The metabolic pathways enhanced by cobalamin and inherited disorders of cobalamin (see text for details). Hcy; homocysteine, Met; methionine, SAH; S-adenosylhomocysteine, SAM; S-adenosylmethionin, methyl-Cbl; methyl cobalamin, Ado-Cbl; adenosyl cobalamin
16.1.1 Sources of Cobalamin
Cobalamin synthesis is very complex and restricted to a certain stain of bacteria. Neither humans, nor animals are able to synthesize this complex molecule. Plants and fungi are thought to neither synthesize, nor to use the vitamin as well. Animals can get cobalamin by consuming foods contaminated with synthesizing bacteria and then incorporate the vitamin into their body organs. Foods of animal source are the only natural source of cobalamin in human diet. The main sources of cobalamin in humans diet are meet (2–5 μg/100 g), fish (2–8 μg/100 g), milk (1.5 μg/100 ml), cheese (1–2 μg/100 g) and eggs (2 μg/100 g) (Scott 1997). Cobalamin is essential for normal maturation and development of all DNA synthesizing cells including blood cells and cells of the central nervous system. The ultimate source of cobalamin in human diet is from foods contaminated with B12-synthesizing bacteria. Not all forms of cobalamin formed by microbes are metabolically active for mammalian cells. Some naturally occurring forms of corrinoids have similar structure but no biological roles in humans. These are produced by some algae (spirulina) and are termed analogous. Cobalamin-analogous may even block the normal metabolism of the vitamin (Herbert and Drivas 1982).
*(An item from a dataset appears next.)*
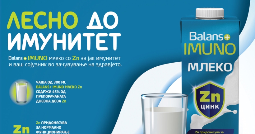 Млекото со цинк е проширување на Баланс+ портфолиото, од кое е дел и неодамна пласираниот функционален јогурт, Баланс+ Имуно, со истакнати нутритивни карактеристики и збогатен со култури кои имаат позитивен ефект за одржување здрав имун систем.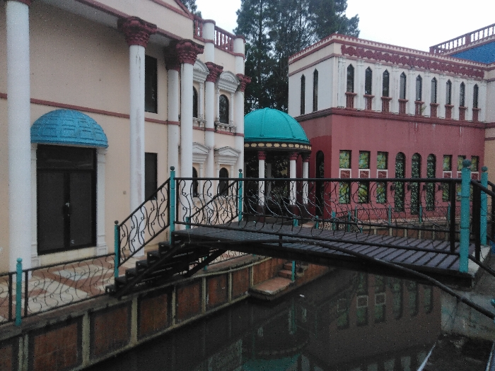 The image displays an eclectic architectural complex located in Hulshorst, Netherlands, under an overcast sky. A dark, reflective canal runs horizontally across the foreground. A dark-colored pedestrian bridge, featuring black wrought-iron railings with teal-blue handrails and scrollwork, spans the canal, connecting to the left bank via a short flight of steps. To the left, a multi-story building with pale yellow walls features prominent white classical columns with dark red capitals. A blue dome tops an entry facade with dark double doors, positioned over a section of the canal. Ornate window frames and balustrades are visible on the upper levels. Matching black wrought-iron and teal-blue railings line the canal bank and ascend the steps leading to the bridge. To the right, a structure with a reddish-brown lower section and a white upper section exhibits a different architectural style, characterized by numerous tall, narrow arched windows on the upper level and a dark red cornice. The lower reddish-brown section contains a series of rectangular and arched windows. A teal-domed gazebo, supported by white columns, is situated between the two main buildings. Trees are visible behind the structures against the grey sky. No individuals are present in the scene.

16.1.2 Absorption, Excretion and Haemostasis of Cobalamin
Cobalamin is bound to food proteins and must be released before that the vitamin can be absorbed. This is achieved by the action of gastric acid and proteolytic enzymes in the stomach. In the stomach cobalamin is captured by haptocorrin, an R-binder protein made in the saliva and stomach. In the upper small intestine, pancreatic enzymes and an alkaline pH degrade the haptocorrin-cobalamin complex. The free vitamin is then captured by intrinsic factor, another B12-binding protein. The intrinsic factor-cobalamin complex is transported to the terminal ileum where the complex is recognised and internalised by specific membrane receptors of the enterocytes (intrinsic factor receptor). The receptor-mediated absorption of cobalamin is a saturable process and a maximal amount of 3 μg of the vitamin per meal can be internalized via this pathway. After absorption of cobalamin-intrinsic factor complex into the enterocytes, the complex is degraded and cobalamin is transferred to a third binding protein, transcobalamin (TC).
Transcobalamin is synthesized within the enterocytes and is the only binder that can deliver cobalamin into cells via TC-receptor. The TC-cobalamin complex is released into the portal circulation and is subsequently recognised by TC-receptors that are expressed by all cell types. The part of cobalamin which is bound to TC is named holotranscobalamin (holoTC) (Carmel 1985). Only 6–20% of total plasma cobalamin is present as holoTC (Hall 1977). The remaining part of cobalamin is bound to haptocorrin and is called holohaptocorrin (holoHC) (England et al. 1976). Despite that haptocorrin binds almost 80% of total plasma cobalamin, the functions of this protein are not well investigated.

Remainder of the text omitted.